The High Llamas
Beet Maize & Corn
Drag City
Head Llama Sean O’Hagan reportedly doesn’t like it that critics always say his band sounds like The Beach Boys and Burt Bacharach. But that’s not likely to change based on the latest Llamas effort. Other than virtually abandoning synthesizers, electric guitars and, to some degree, drums this time out, not much about their musical approach is different.
Beet Maize & Corn is full of impeccably tasteful, meticulously arranged, string and horn-drenched tunes. And occasionally O’Hagan even comes up with a pretty line to go with the pretty music. “Autumn spills on palace hills, summer makes its way,” he sings on “The Click and The Fizz.”

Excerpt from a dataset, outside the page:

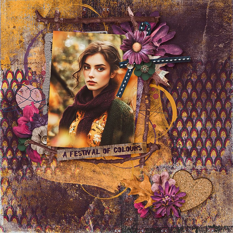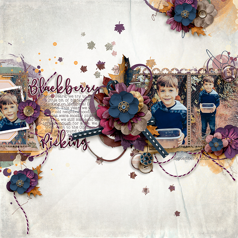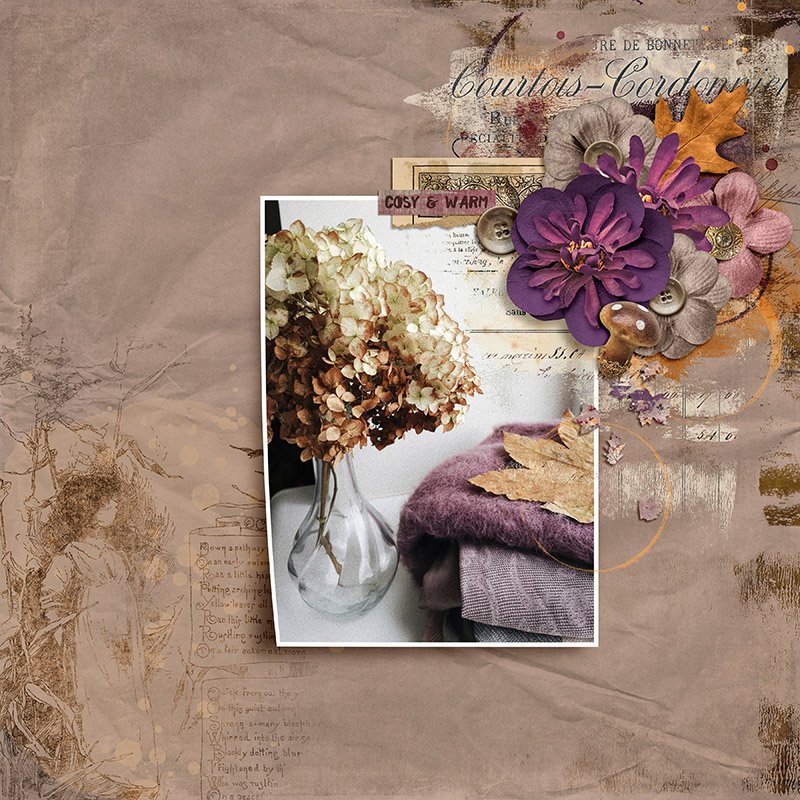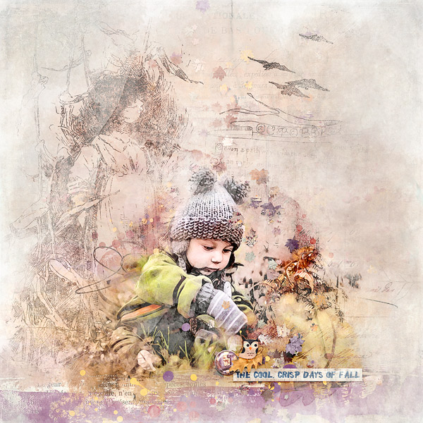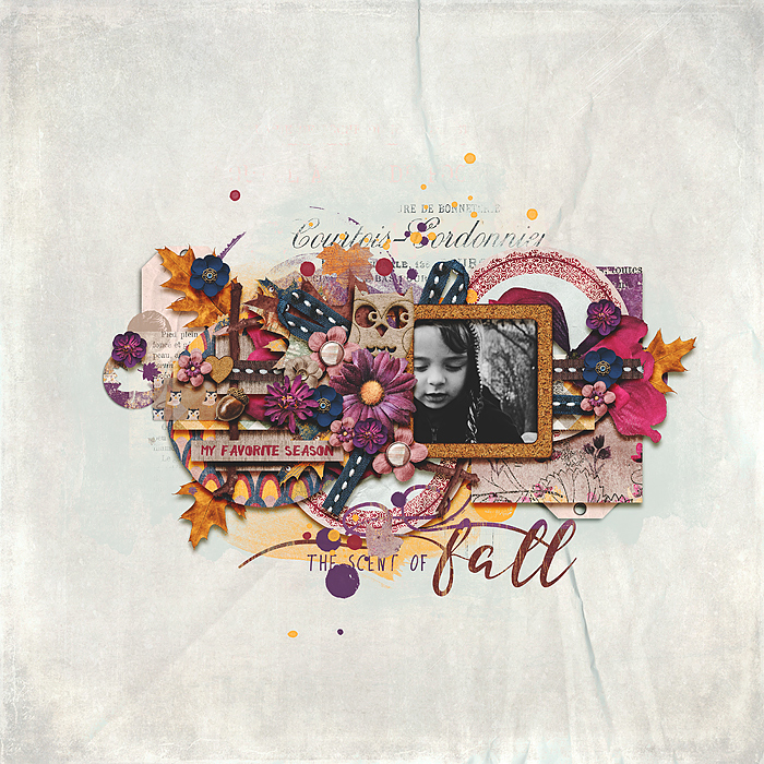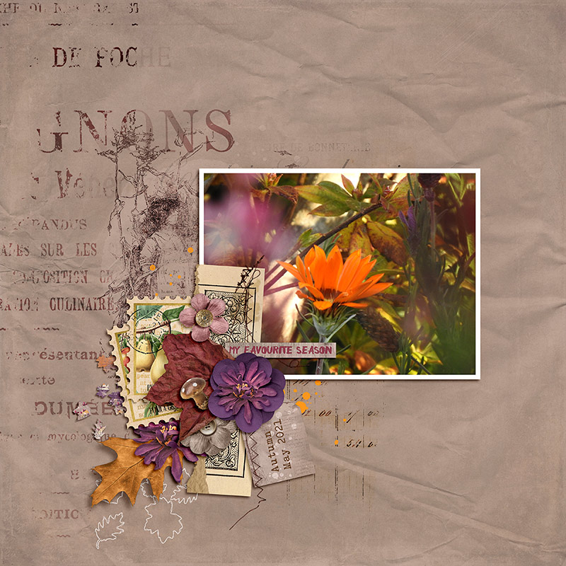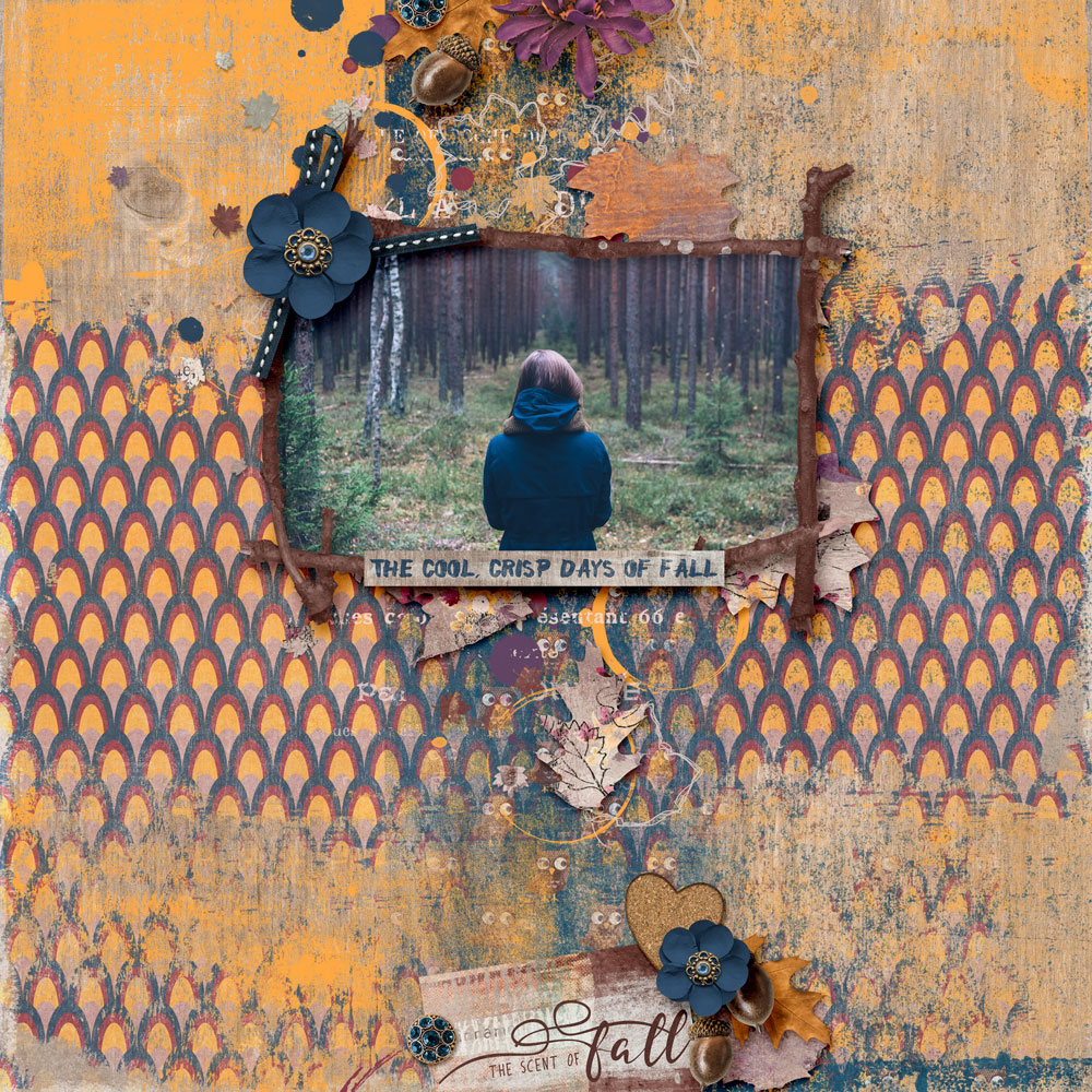 Mixed Media Elements: 90 individual PNG files, including 1 acorn, 1 circles border with cut out leaves, 3 brads, 3 buttons, 1 leaf confetti (in a shadowed and a shadowless version), 1 cork circle with a leaf cutout, 7 flowers, 1 branch frame + mask, 1 cork frame, 3 ornamental paper frames + mask, 1 cork heart, 1 torn piece of vintage ephemera, 2 real leaves, 1 fabric leaf, 4 paper leaves, 2 leaf scatters, 1 leaf scatter doodle, 4 painted masks, 1 wooden mini pumpkin, 1 mushroom, 3 owls, 1 painted overlay, 5 paint splats, 2 painted circles, 1 stamped circles cluster, 2 splatters, 1 torn vintage postcard, 3 ribbons, 2 stamps, 1 stitching, 2 round tags, 5 rectangular tags, 2 pieces of washi tape, 3 large pieces of word art, in a shadowed and shadowless version, 9 wordstrips, and finally, 8 blank strips to add your own words.

The problem is that most of these songs seem more like genre exercises than contributions to the songwriting canon. All this prettiness for prettiness sake doesn’t allow the listener to make any real emotional connection. Take the tune “Calloway” and lines like “There’s nothing but a broom, a half a dozen loaves / The room has lost its bloom, its purples and its mauves.” Huh? On “Porter Dimi,” O’Hagan employs an entire chorus of singers, using alternating male and female voices to go with the extravagant instrumentation. The effect makes the tune as emotionless and innocuously pleasant as muzak and just about as exciting.
When he sings the songs himself, O’Hagan sounds vaguely like Colin Moulding of XTC, and some tracks here (like the under-two-minutes “The Holly Hills”) do exhibit a bit more personality. But overall, Beet Maize & Corn is just retro-futuristic elevator music that fails to do justice to its source material.